Go through the listing below and retype exactly the lines starting at the one with "- Navigate to" and ending at the one with "アンティーク エドワーディアン 9ct", skipping pictures.
******************************
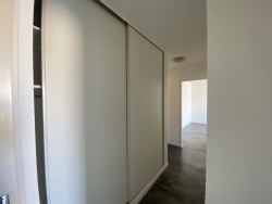 Le logement offre une entrée avec placard, une cuisine toute équipée (plaque, hotte, four-frigo-rgmt), un grand séjour avec parquet flottant, 2 chambres dont une avec placard et une salle de bain.
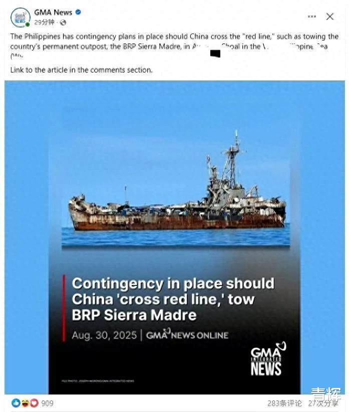 8月30号这一天,菲律宾媒体对外公布了此前一直炒作的所谓的在仁爱礁的红线。
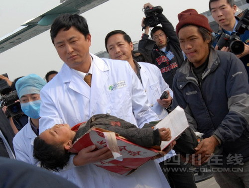 下午5時(shí)10分,空運(yùn)到成都的首名傷員被抬上第一輛救護(hù)車,傷員的口、鼻、眼睛布滿了血痂,手腕、手臂上全是傷痕。抬上擔(dān)架后,隨車主治醫(yī)生余海放立即對(duì)其測(cè)量血壓、心率,詢問有何不適,并進(jìn)行了登記。傷員的右手腕上拴著紅布繩,這是地震災(zāi)區(qū)醫(yī)生經(jīng)過初診后認(rèn)定是重傷員的標(biāo)記。
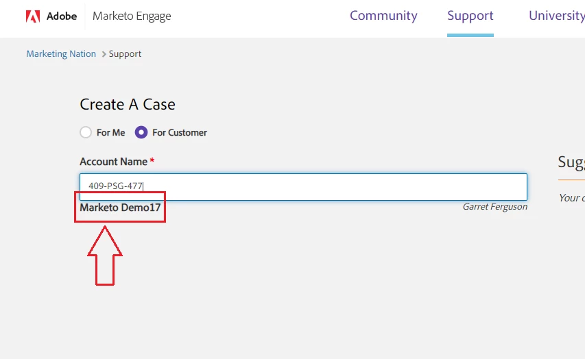 - Navigate to the Create a Case tab of the support portal and select “For Customer” on the “Case Is” section. From there, input the customer’s munchkin ID into the dialog box.
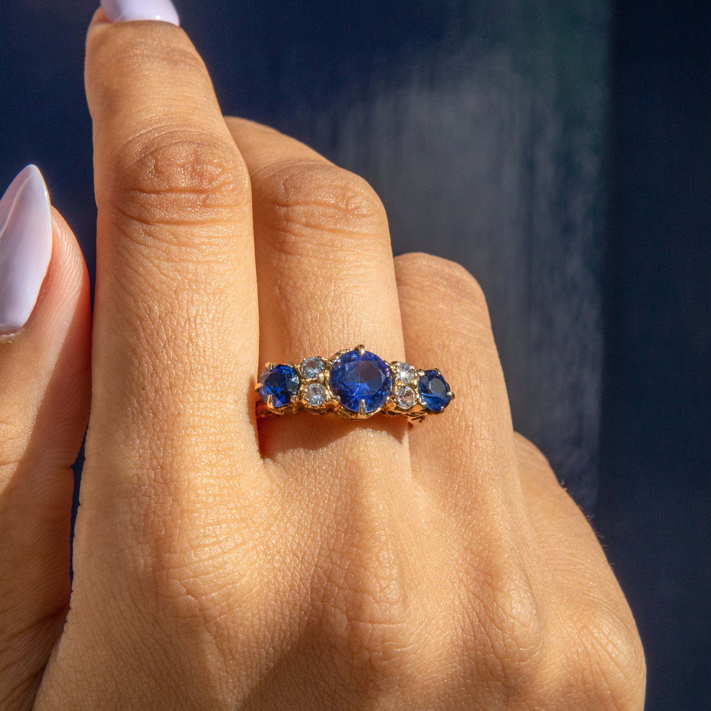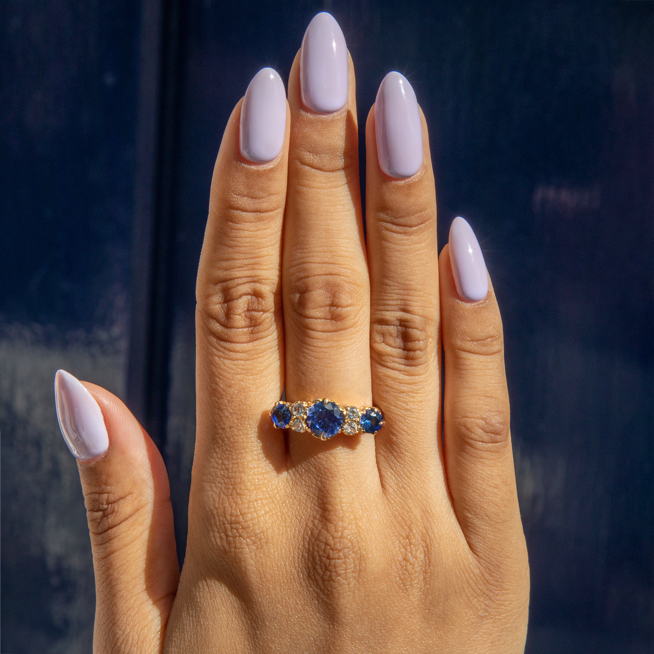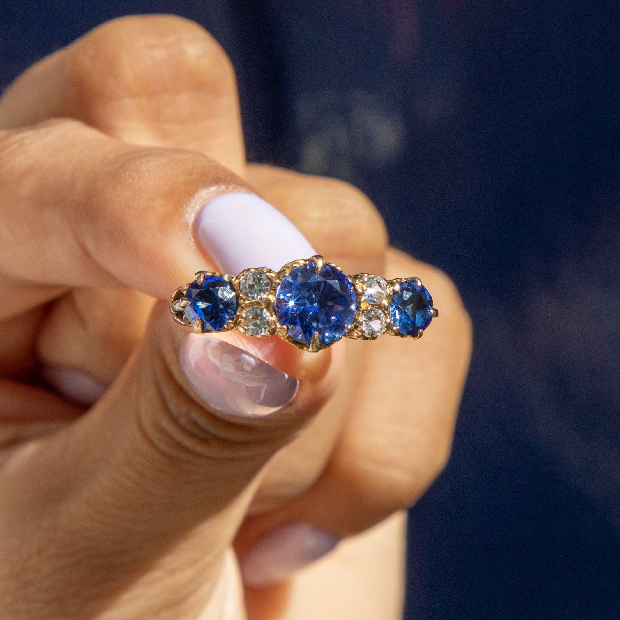 アンティーク エドワーディアン 9ct ゴールド サファイア スリーストーン リング、1.35ct
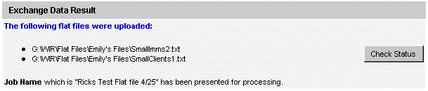 Press the Check Status button to check the processing status of the job; the Exchange Status screen will be displayed.
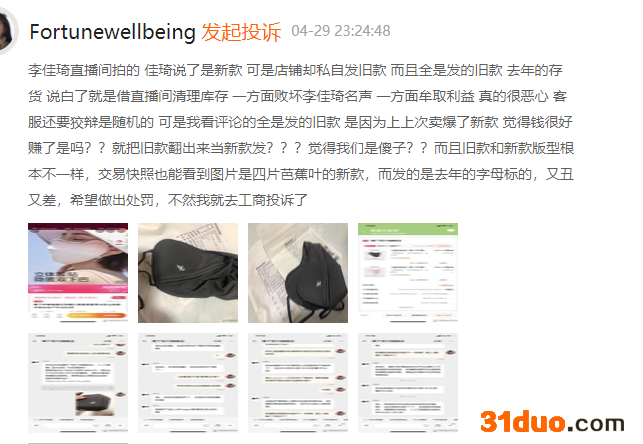 有消费者投诉称“防晒口罩是在直播间拍的当时说了是新款可是店铺却私自发旧款而且全是发的旧去年的存货 ,说白了就是借直播间清理库存 。”
******************************
RESULT:
 - Navigate to the Create a Case tab of the support portal and select “For Customer” on the “Case Is” section. From there, input the customer’s munchkin ID into the dialog box.
 アンティーク エドワーディアン 9ct ゴールド サファイア スリーストーン リング、1.35ct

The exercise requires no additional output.